Dangers instead of opportunities

Since the 16th Congress of the CPC in 2002 the Chinese leaders when assessing the international situation said that China was in a period of strategic opportunities. In the early 2000s, it was even named the exact length of time during which the global environment would favor China and its global rise was unlikely to encounter serious resistance. It was believed that for at least twenty years the external environment would carry more opportunities than risks. The very interest in the “gray rhinoceros” concept illustrates a shift in the strategic thinking of the Chinese elite: the focus is no longer on opportunities that need only be skillfully exploited, but on serious dangers that, if not responded to in time, could derail the idea of a great rebirth of the Chinese nation and end the Chinese political system as it now stands. 

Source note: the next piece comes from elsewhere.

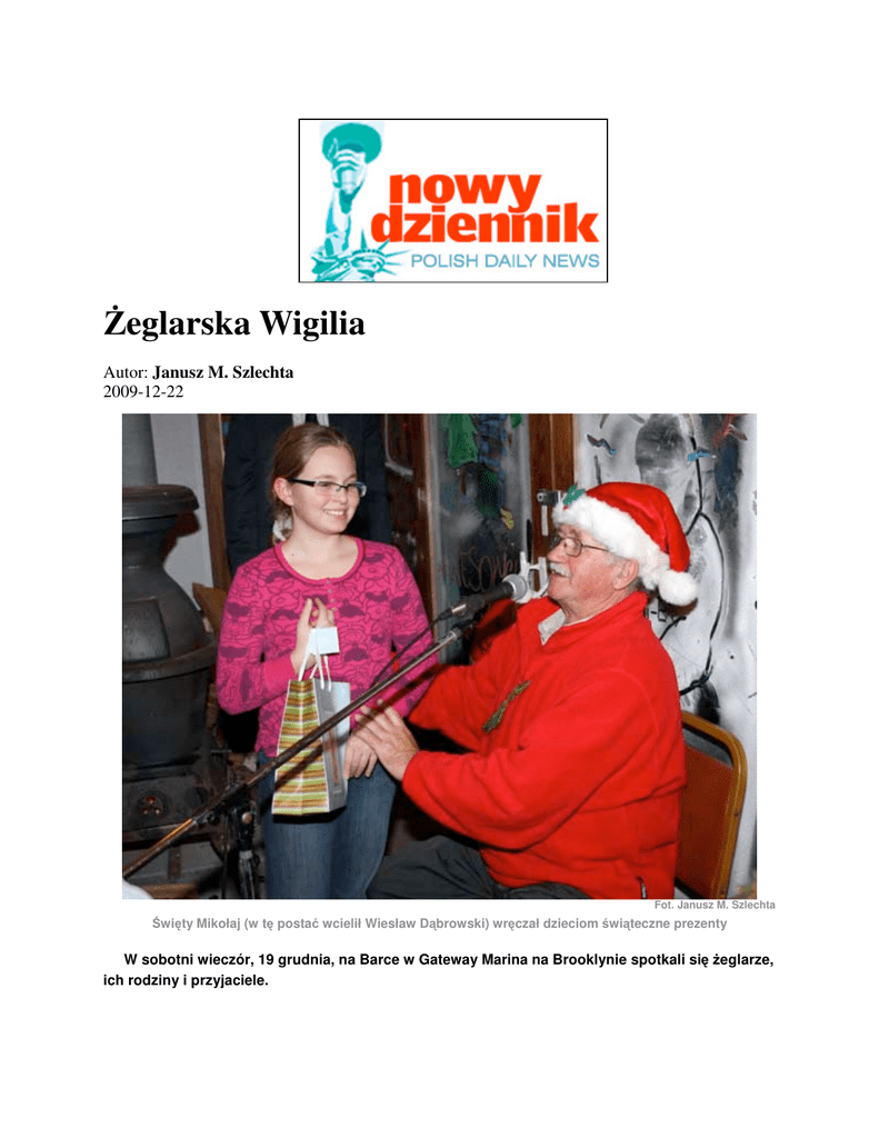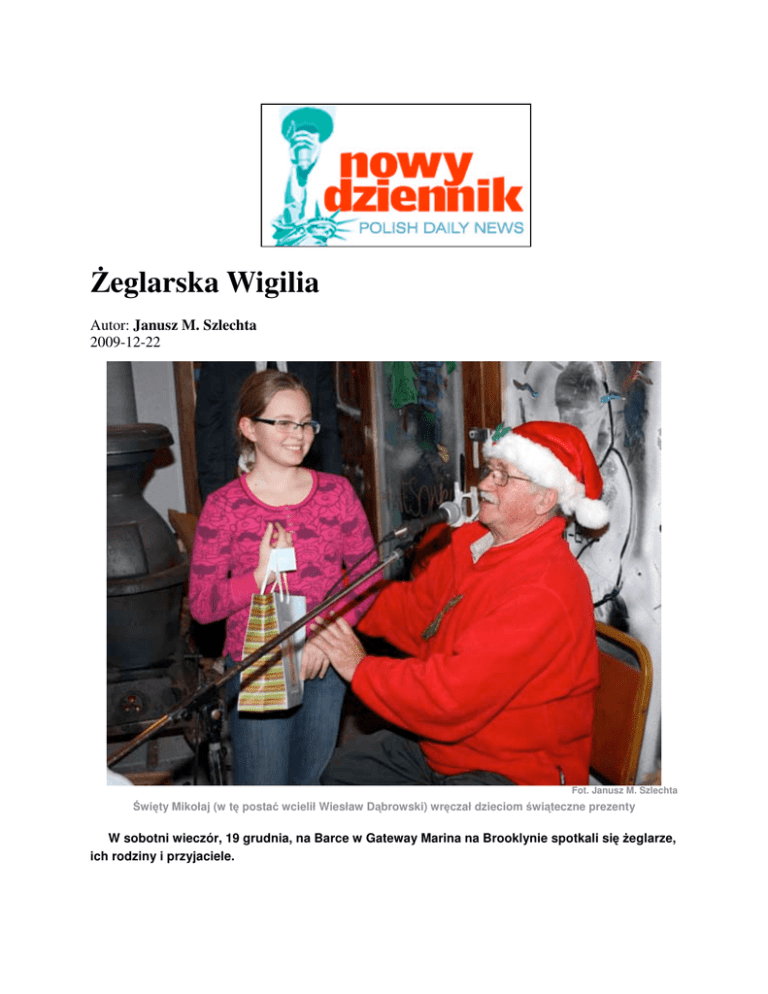 eglarska Wigilia Autor: Janusz M. Szlechta 2009-12-22 Fot. Janusz M. Szlechta wity Mikołaj (w t posta wcielił Wiesław Dbrowski) wrczał dzieciom witeczne prezenty W sobotni wieczór, 19 grudnia, na Barce w Gateway Marina na Brooklynie spotkali si eglarze, ich rodziny i przyjaciele. 2 Polski Klub eglarski w Nowym Jorku od pocztku swego istnienia organizuje przedwiteczne spotkania w gronie miłoników eglarstwa. Byli te specjalni gocie: wity Mikołaj i zaprzyjaniony z eglarzami Jerzy „Porba” Porbski, który wraz z on Helen specjalnie przyjechał na to spotkanie z Polski. Na Barce pojawiła si piknie przystrojona choinki. Wszystkie okna zostały przyozdobione witecznymi malunkami: na jednym był wity Mikołaj, na innym yczenia „Wesołych wit” na tle zielonych jodełek, na jeszcze innych przystrojone lene wierki lub niene bałwanki. A na rozstawionych stołach przygotowane było jedzenie: pierogi ruskie oraz z grzybami i kapust, bigos, łazanki, ryba smaona. Janusz Kdzierski, komandor klubu, stojc przy migotajcej wiatłami choince, złoył wszystkim serdeczne yczenia witeczne, yczył te zdrowia, ale i pomylnych wiatrów w przyszłym roku. Potem wszyscy nawzajem składali sobie yczenia zdrowia, spełnienia marze i dalekich rejsów! A kiedy skoczyło si to przekazywanie sobie ycze, wszyscy przystpili do wspólnej wigilijnej kolacji. Na stojco, bo nie było innej moliwoci. Mimo fatalnych warunków atmosferycznych – w sobot wieczorem bowiem rozpoczła si ostra i niena zima – dotarło na Bark blisko 100 osób. Komandor wrczył nagrod przyznan przez Polski Zwizek eglarski 9-letniemu Mateuszowi luszkiewiczowi dla Najlepszego Optymistrza, czyli najlepszego i zarazem najmłodszego eglarza polonijnego w USA pływajcego na aglówkach typu „Optymist”. PZ przyznał te specjaln nagrod dla Polskiego Klubu eglarskiego w Nowym Jorku za najlepsz prac wród dzieci i młodziey polonijnej. A Polish Yachting Association in North America (PYANA) przyznał nowojorskiemu klubowi nagrod za udział w czerwcu 2009 roku w regatach „TALL SHIPS ATLANTIC CHALENGE 2009” na trasie Bermudy – Charleston SC – Halifax. Po raz pierwszy polonijna młodzie – płync piknym jachtem „Fazisi” – wziła udział w tych regatach, które maj ju 50-letni histori. Komandor wrczył wszystkim uczestnikom tego rejsu płyt DVD z nagranymi wydarzeniami z tego pamitnego rejsu. Potem wity Mikołaj rozdał dzieciom prezenty, które przyniósł ze sob w przepastnym worku. Było przy tym mnóstwo umiechów i radoci. W tajemnicy dowiedzielimy si, e upominki przygotował zarzd klubu. Kiedy wity Mikołaj skoczył swoj bardzo wan prac, wycignł harmonijk ustn i zaczł gra razem z Jurkiem Porbskim. Rozpoczło si wic piewanie kold przy choince. Trwaj wic koldo, trwaj Nie odpły za szybko swym statkiem Graj nam koldo, graj Daj złama si z sob opłatkiem.... Jurek Porbski grał na gitarze, a reszta braci eglarskiej piewała. Płynły wic jedna za drug pikne polskie koldy: „Bóg si rodzi”, „Cicha noc”, „Oj, maluki, maluki”... Zapiewano te i „eglarsk kold”, któr napisał dobrze w tym rodowisku znany Andrzej Korycki. A w krótkich chwilach przerw Jurek Porbski zapiewał kilka swoich piosenek, m.in. „Cztery piwka” i „Tacz, miła, tacz”. I zrobiło si tak bardzo przytulnie i ciepło na Barce wypełnionej ludmi. Mimo e na zewntrz hulał wiatr, padał nieg, a Bark bujała ostra fala. W ubiegłym roku wigilijne spotkanie na Barce skoczyło si około drugiej w nocy, lecz tym razem egnano si wczeniej. Komandor yczył wszystkim szczliwego powrotu do domu w tej nieycy. „A niezastpionej Kasi Łojewskiej, która tak piknie ten wieczór przygotowała i wszystkim, którzy pomagali, piekli, smayli, gotowali, sprztali, choink siekierk cinali i ubierali – serdecznie dzikujemy!” – powiedział na koniec, w imieniu zarzdu, Janusz Kdzierski. 3 Fot. Janusz M. Szlechta Komandor klubu Janusz Kdzierski i Jerzy Porbski (z gitar)

It is quite possible that the twenty-year deadline could have been extended, but the very idea of a pre-determined, conflict-free world has already begun to clash strongly with reality. The growing social and economic challenges in the wake of the pandemic and the escalating confrontation between China and the United States are accompanied by a general chaoticization of the world system. These trends had to be reflected in the report to the Congress, although the Central Committee report delivered by the Secretary General itself is a document that is extremely abstract. By tradition, it provides a macro view of internal and external problems, rather than proposing a road map.

The resulting formulation looks overly complicated: “a period of a combination of strategic opportunities, risks, and challenges with the growth of uncertain and hard-to-predict factors. But today’s world, standing, as Xi Jinping put it, at a historical crossroads, does not presuppose simplicity.